Friday, July 20, 2018


Copyright © Edward Riojas

During the past year or so I’ve come into possession of a few books that are well worth mentioning. A few are signed copies. For the most part, I have been involved with their development in varying degrees. One book is an exception, but it is so exceptional that it, too, is worth mentioning. While this may be considered a sort of book fair, it’s primarily a way to get a peek into some of my projects – past, present, and future...

A while ago I was commissioned to create the cover art for Katie Schuremann’s second edition of “He Remembers The Barren” (Emmanuel Press). It was an honor to take on the project, but was made even more special when the original painting ended up in Katie Schuremann’s private collection.

I also did the cover art for Rev. Tyrel Bramwell’s “The Gift  and the Defender” (Grail Quest Books) – Book 1 in The Lumen Legends Series. I’m currently working on a group of illustrations for an unrelated Bramwell book.
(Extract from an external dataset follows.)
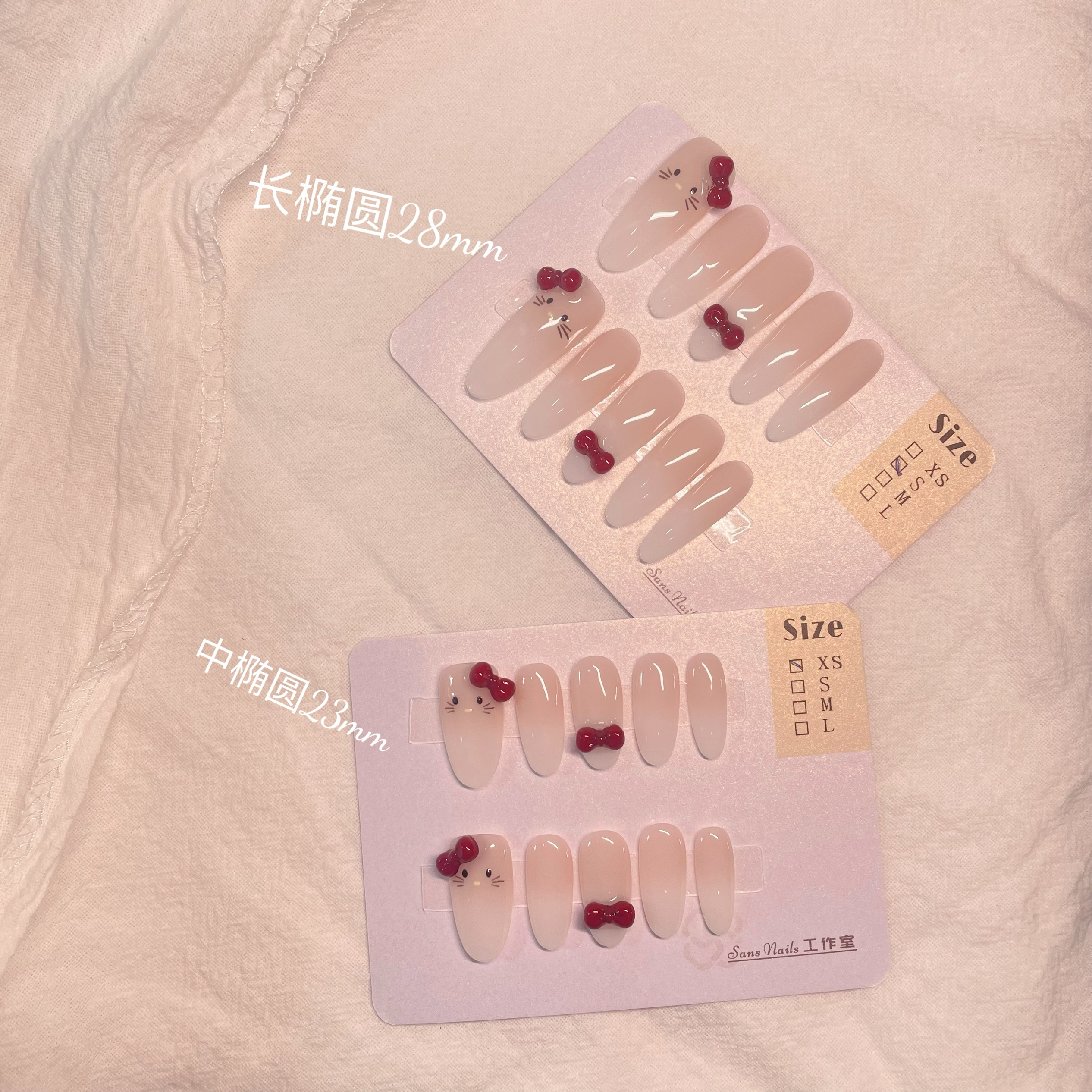 2025新款手工穿戴甲乳白渐变高级感可爱kitty猫红蝴蝶结美甲气质

Rev. Gaven Mize is another Lutheran pastor/author. He and his wife, Ashlee, co-authored “God Loves Me Such That He Would Give” (Grail Quest Books), and I joined the children’s book project in the role of illustrator.
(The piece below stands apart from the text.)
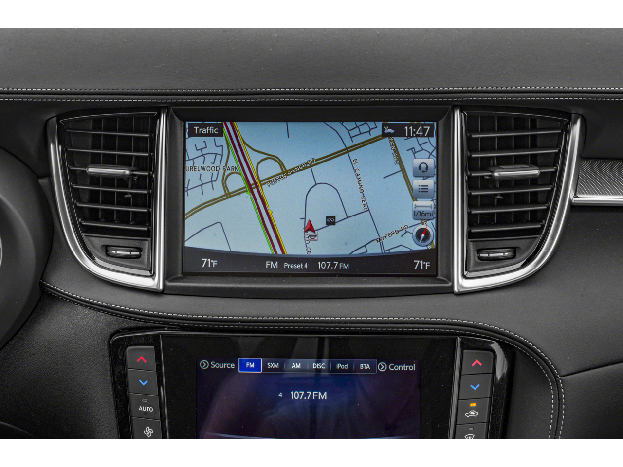 - Radio: AM/FM/CD Audio System -inc: 6 speakers, 4 USB connection ports, Apple CarPlay and Android Auto, dual display system w/upper 8" and lower 7" HD touch screens, INFINITI voice recognition, HD Radio technology, SiriusXM radio w/advanced audio features w/3-month complimentary trial, streaming audio via Bluetooth®, Bluetooth® hands-free phone system, Siri eyes free, hands-free text messaging assistant, active noise cancellation, WiFi hotspot, automatic collision notification and emergency call

St. Paul’s Music Conservatory of Council Bluffs, Iowa, is an ambitious project undertaken by Rev. Nathan Sherrill, Rev. Jim Frank, and others, with a multifaceted approach to music education. As part of the project, a music book, "Jesus, Ground of Faith" (St. Paul’s Music Conservatory) was produced that necessitated my illustrative talents. The first book was quickly published after the conservatory’s inception, and a second book is in the works.

I had no involvement, of course, in Joseph Braun’s “Praktische Paramenten Kunde: Winke Für Die Anfertigung Und Verzierung Der Paramente” (Herder & Co.) I’m old, but I’m not THAT old. This 1920s-vintage book was a generous gift from Ecclesiastical Sewing’s Carrie Roberts. The book will, however, find its way into my future work, and bits and pieces of the designs contained within have already been resurrected as liturgical embroideries.